И вот тут началась бойня.
Нас ждали — теперь я в этом не сомневаюсь. Черт его знает, что размещалось на этой проклятой восьмой зоне, но силищу враг собрал здесь изрядную. Тридцать Пятый, пытаясь установить спайсканнер, под огнем продержался ровно две секунды — а ведь мы все подпитывали его защиту. Он раскололся, будто орех; развалился на кусочки и вспыхнул. Следом рухнул наш «Голем» — какое-то время он еще ворочался и хлестал врага шнурами плазмы, но это была агония. Сотни инсектов буравили его тело, и он ничего не мог с ними поделать, поскольку его иммунные механизмы были отключены нашими дронами. Мгновенно погибли Третий и Двадцать Второй — мощнейшие направленные ЭМИ выжгли им мозги.
Мы провалили задание — это стало очевидно для всех, кроме сержанта. Он словно обезумел — выпустив весь боезапас, бросился в рукопашную.

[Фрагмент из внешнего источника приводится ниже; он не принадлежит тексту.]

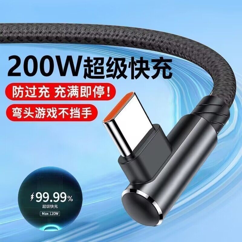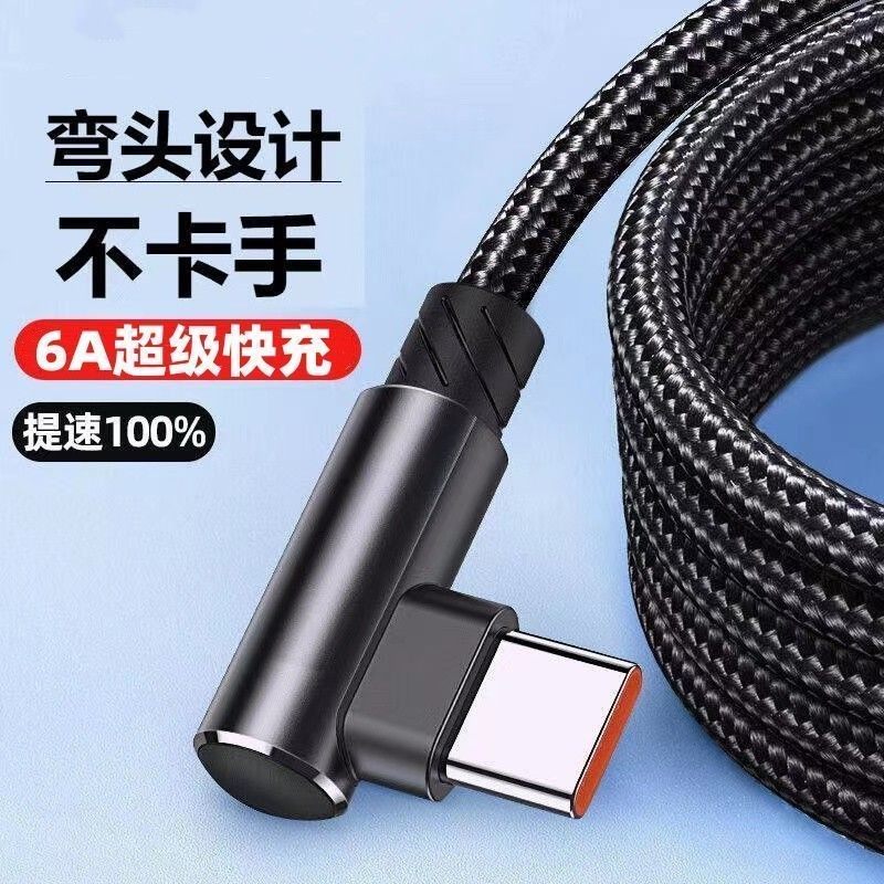 📚 120W超级快充Type-c弯头编织数据线适用于华为mate70/60手机p20p30p40mate50nova7prop80游戏专用充电线

Вот тогда-то меня и ранило. И я даже не понял, что это было за оружие, — мне просто отсекло руку. Атмосфера на Хемме-два весьма и весьма условна, а сила притяжения в три раза меньше земной. Так что кровища из меня брызнула настоящим фонтаном. Экзоскелет развалился, я повис на ремнях в двух метрах от поверхности, почти теряя сознание. Манжеты скафандра уже затягивались, устраняя утечку воздуха и одновременно пережимая обрубок конечности. Медицинский модуль, висящий на заднице, что-то вколол мне — наверное, противошоковое и обезболивающее. И я вырубился.
Не мгновенно, нет.
Я всё же успел увидеть, что бой прекратился. Поразительное зрелище, надо отметить: будто само время остановилось, и всё вокруг замерло, застыло. Только что мир был полон движения, только что огромные механизмы с воем, ревом и грохотом уничтожали друг друга всеми возможными способами — и вдруг в одно мгновение они встали в нелепых позах — будто играли в «море волнуется раз». Я словно внутри фотографии очутился. Лишь дым и пыль растекались спокойно, трепыхалось пламя, и в отдалении медленно рушилось какое-то нелепое здание, похожее на перевернутый свадебный торт.

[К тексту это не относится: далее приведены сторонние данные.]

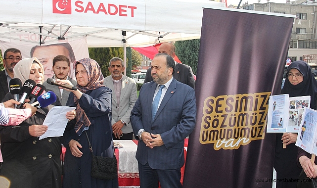 Basın açıklamasında konuşan Saadet Partisi Kadın Kolları İlçe Başkanı Fatma Sarıkaya, çocukların maruz kaldığı yoksulluk, eğitimde eşitsizlik, istismar, bağımlılık ve güvenlik sorunlarına dikkat çekerek, “Bugün burada çocuklarımızın sesi olmak, onların geleceğine sahip çıkmak için toplandık. Çünkü biliyoruz ki çocuğun güvende olmadığı bir ülkede, hiçbirimizin geleceği güvence altında değildir.” ifadelerini kullandı.

Я решил, что умираю, — вот с этой спокойной мыслью я и вырубился.
Понимаю ли я, что случилось?
Да, конечно. Теперь понимаю. Чего же тут непонятного?
Сражающиеся боевые машины вдруг обнаружили, что среди них находится человек. Более того, они увидели, что человек ранен — причем, ранен кем-то из них. Для роботов это был своего рода шок. И я отлично их понимаю — я так долго притворялся роботом, что мое мышление в чем-то стало похоже на ихний квазиразум.

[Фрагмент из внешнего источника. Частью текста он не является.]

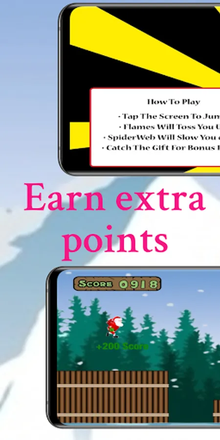 Pick up the gift boxes revolving to gain bonus points. Spiderwebs will slow you down, whereas, bonfire will throw you in the air.

В электронных мозгах сработала главная блокировка. И все боевые машины остановились, чтобы не причинить мне вред — вольно или невольно. Более того, они сообщили о происшествии своим товарищам — тем, кто не мог меня увидеть. И те тоже встали.
На Хемме-два в одну секунду прекратились все боевые действия. Никто даже сигнальную ракету пустить не смел.
Понимаю ли я ответственность?
Какую такую ответственность?
Ну… Насколько я знаю, Трибунал собирался уже трижды, но Заседатели так и не придумали, за что меня можно наказать. Я ничего не нарушал, я чист перед законами — гражданскими и военными. Общественность, насколько я знаю, вся на моей стороне. Инфосфера гудит. Меня заочно наградили каким-то там орденами, меня уже именуют последним человеческим героем. Да-да, не удивляйтесь! Пусть я и нахожусь тут в некоторой изоляции, но кое-какие новости до меня, знаете ли, доходят. Вы не первый журналист, кто меня посещает… Что? А кто же вы?.. Постойте-постойте! Если вы не журналист, то для чего я тут перед вами распинаюсь?..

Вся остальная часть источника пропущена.